So pause the video, work out resultant forces, and then restart once you've got the answers.

Okay, welcome back.

Let's have a look at those resultant forces.

So in the first example, we've got 15 newtons backwards and 30 newtons forwards, so the resultant force there is 30 newtons minus 15 newtons, giving us a resultant of 15 newtons, and the direction is forwards because that's the direction of the largest force.

So it should have been like this.

Well done if you've got that.

The second answer, we've got 30 newtons backwards force and a 45 newtons forwards force.

So we subtract the smaller number from the larger number, giving us a resultant of 15 newtons forwards again.

The third scenario, I've got 45 newtons backwards and 45 newtons forwards.

If I subtract those two, I get a resultant of zero.

So there's no resultant force in that one.

And the final scenario, I've got 45 newtons backwards and 15 forwards, subtracting those gives an answer of 30 newtons, and it's backwards because that's the direction of the largest force.

Well done if you got all four of those right.
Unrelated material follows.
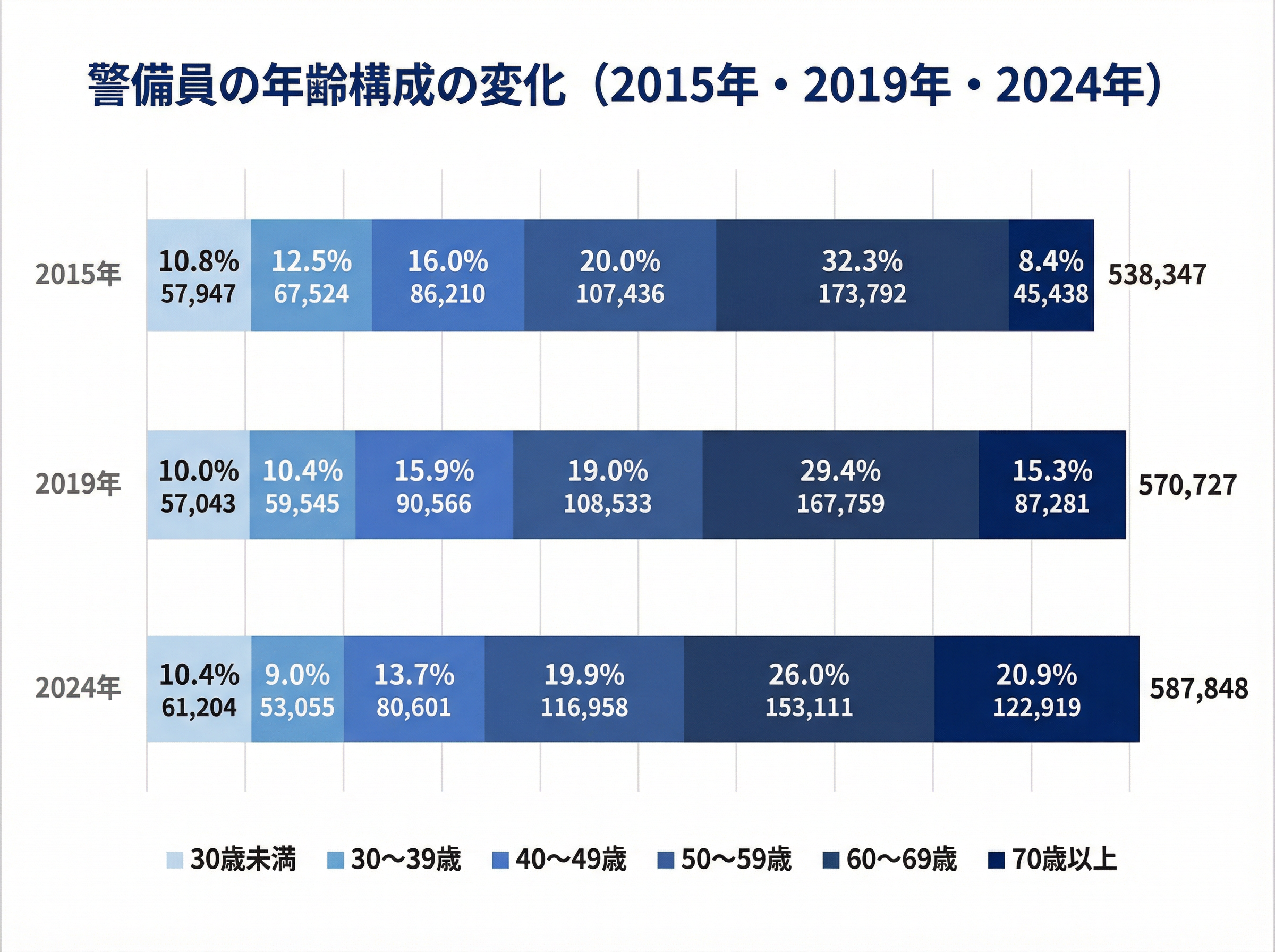 2024年末時点で、70歳以上の警備員は122,919人。2015年の45,438人から77,481人増え、構成比は8.4%から20.9%へと約2.5倍に拡大しました。いまや70歳以上は60代に次いで、全年齢層で2番目に多い区分です。60歳以上の合計は全体の46.9%を占め、警備員のほぼ半数が60歳以上という現状にあります。

Okay, we're gonna move on to the second part of the lesson now, and that's all about how forces cause changes in speed.

So let's get going.

You might remember from your previous studies that resultant forces can cause changes in the shape of an object, but they can also cause changes in the speed of an object.

You can have a resultant force making an object speed up, so the speed is increasing in that situation.

So you might be in a car, you press the accelerator, and your car speeds up.

Resultant forces can also cause things to slow down.

So again, if you're in that car, you might press the brake, and that will produce a force on the road, and that resultant force will help cause the speeds to decrease, so you'll slow down.

Both of those things are called acceleration in physics, and acceleration is a change in speed, speeding up or slowing down.

You might also hear the word deceleration used to describe a change in speed where the speed is getting lower.

But I'm gonna stick with acceleration for describing all changes in speed.

The direction of any acceleration will depend on the direction of the resultant force.

An object will always accelerate in the direction of the resultant force.

So we've got three possible scenarios.

We've got the first one, a resultant force that's in the direction of travel.

So if you're in a car and you're travelling along forwards and there's a resultant force that's forwards, what will happen is, you'll speed up, so the movement and the force from the same direction, and that causes you to speed up.

The second scenario, the resultant force is in the opposite direction to travel.

So you're moving along, and there's a backwards force acting on you.

So you've got the movement and the force in opposite directions, and that'll cause you to slow down.

And the third possibility is there's no resultant force at all.

And in that case, there's no change in speed forwards or backwards, so you are actually gonna stay moving at the same speed.

So just to show that in a bit more detail.

When the resultant force is in the same direction, you get an object that's speeding up.

So I've got a box here, and then let's pretend that box is moving to the right.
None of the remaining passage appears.